START DATASET EXTRACT
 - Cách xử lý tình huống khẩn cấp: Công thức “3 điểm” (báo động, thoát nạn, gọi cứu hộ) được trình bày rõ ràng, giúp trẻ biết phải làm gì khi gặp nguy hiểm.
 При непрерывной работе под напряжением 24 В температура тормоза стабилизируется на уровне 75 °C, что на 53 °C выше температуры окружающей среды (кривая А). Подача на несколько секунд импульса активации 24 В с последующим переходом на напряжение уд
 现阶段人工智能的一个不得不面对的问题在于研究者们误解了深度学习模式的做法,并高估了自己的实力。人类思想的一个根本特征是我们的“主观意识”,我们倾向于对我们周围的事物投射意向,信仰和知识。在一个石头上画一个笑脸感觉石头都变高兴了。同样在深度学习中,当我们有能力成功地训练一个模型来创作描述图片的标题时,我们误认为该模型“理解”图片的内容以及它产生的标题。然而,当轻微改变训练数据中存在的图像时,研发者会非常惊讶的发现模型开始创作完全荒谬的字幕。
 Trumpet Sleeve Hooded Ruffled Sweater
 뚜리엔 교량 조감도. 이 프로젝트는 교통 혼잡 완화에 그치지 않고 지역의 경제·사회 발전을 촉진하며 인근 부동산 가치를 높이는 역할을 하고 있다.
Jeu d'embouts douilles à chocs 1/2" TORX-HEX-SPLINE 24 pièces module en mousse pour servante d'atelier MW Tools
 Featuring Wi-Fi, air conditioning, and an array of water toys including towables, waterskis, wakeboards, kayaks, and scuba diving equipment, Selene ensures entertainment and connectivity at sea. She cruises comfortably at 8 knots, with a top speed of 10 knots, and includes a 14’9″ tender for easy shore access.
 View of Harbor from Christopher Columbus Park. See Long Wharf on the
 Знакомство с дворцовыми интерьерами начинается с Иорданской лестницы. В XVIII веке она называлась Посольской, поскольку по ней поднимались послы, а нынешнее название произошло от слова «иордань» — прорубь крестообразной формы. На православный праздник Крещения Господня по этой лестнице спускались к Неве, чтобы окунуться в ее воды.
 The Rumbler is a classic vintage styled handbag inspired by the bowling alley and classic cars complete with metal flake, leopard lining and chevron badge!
END DATASET EXTRACT
START DATASET EXTRACT
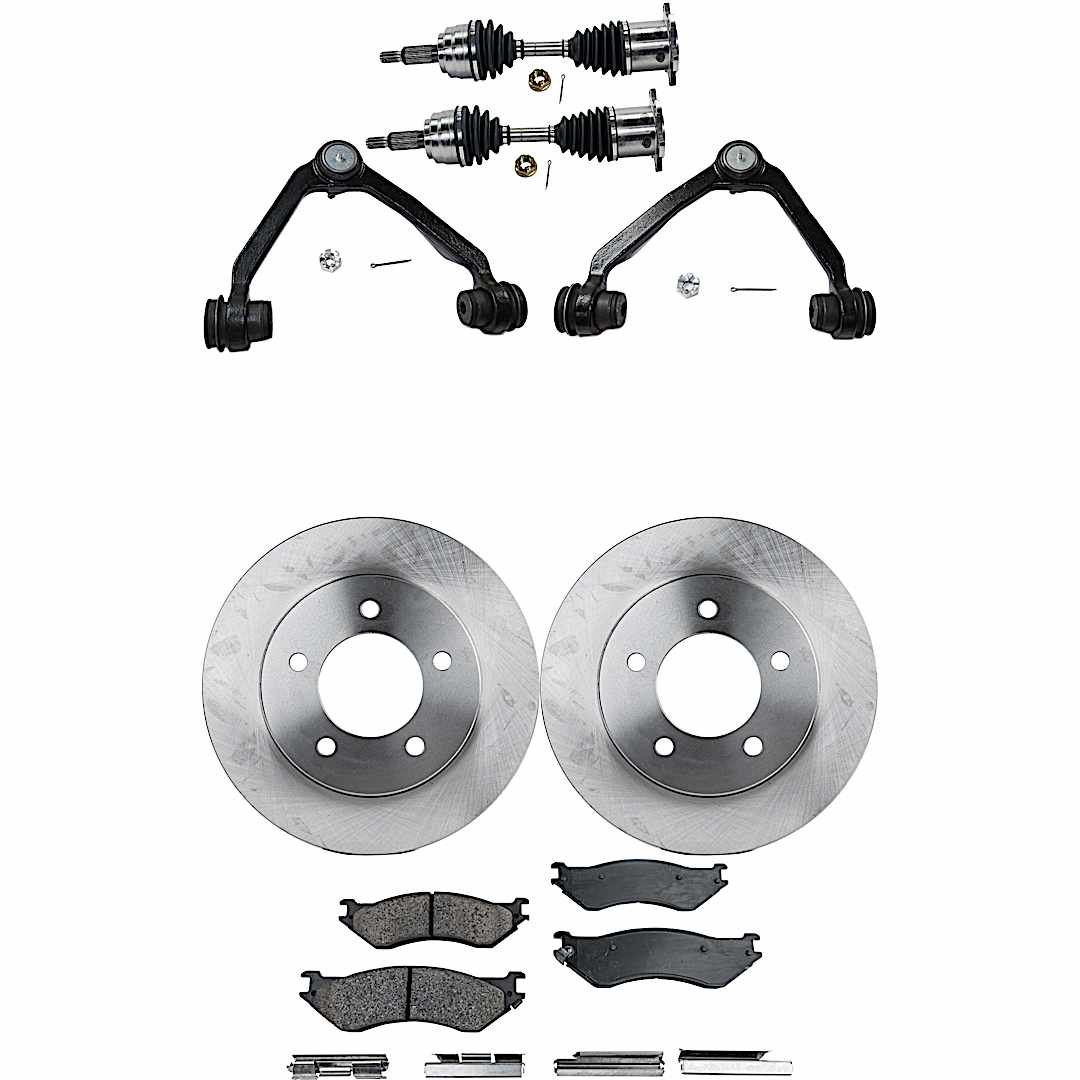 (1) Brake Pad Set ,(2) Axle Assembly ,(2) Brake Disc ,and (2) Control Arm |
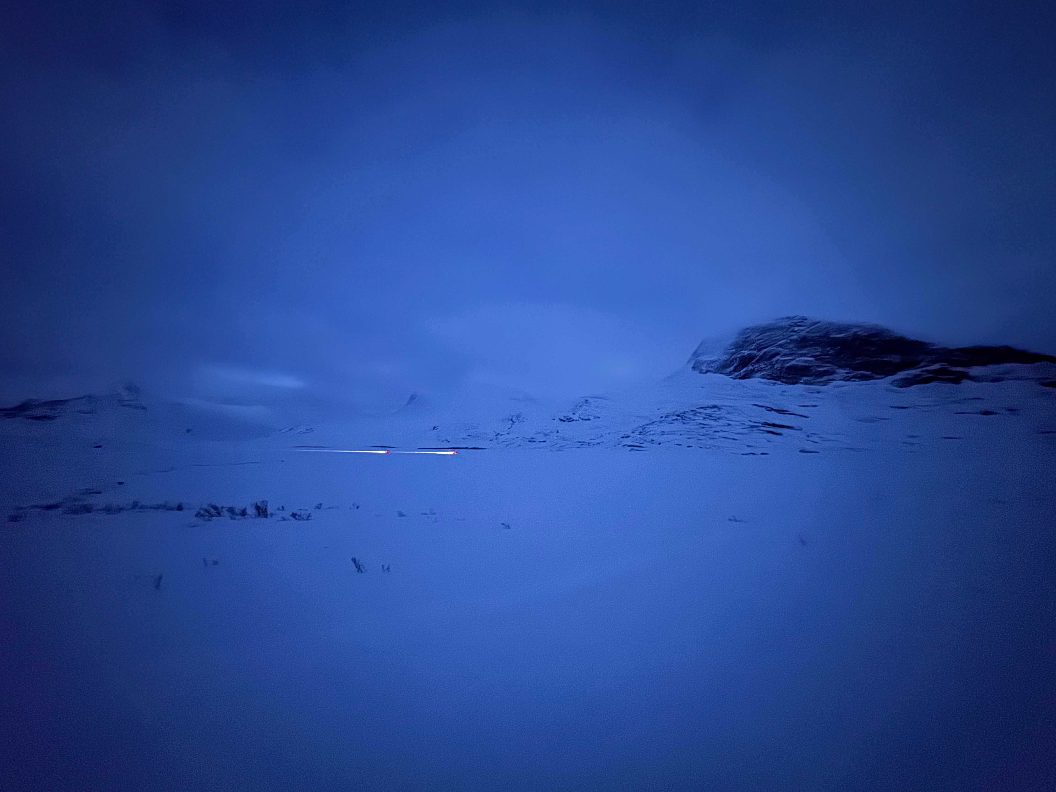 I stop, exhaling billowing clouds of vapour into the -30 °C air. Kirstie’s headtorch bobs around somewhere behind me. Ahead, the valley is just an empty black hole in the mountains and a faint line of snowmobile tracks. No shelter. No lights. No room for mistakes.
END DATASET EXTRACT
Your response should be made up of the lines in the data that contain the word "with".

 Featuring Wi-Fi, air conditioning, and an array of water toys including towables, waterskis, wakeboards, kayaks, and scuba diving equipment, Selene ensures entertainment and connectivity at sea. She cruises comfortably at 8 knots, with a top speed of 10 knots, and includes a 14’9″ tender for easy shore access.
 The Rumbler is a classic vintage styled handbag inspired by the bowling alley and classic cars complete with metal flake, leopard lining and chevron badge!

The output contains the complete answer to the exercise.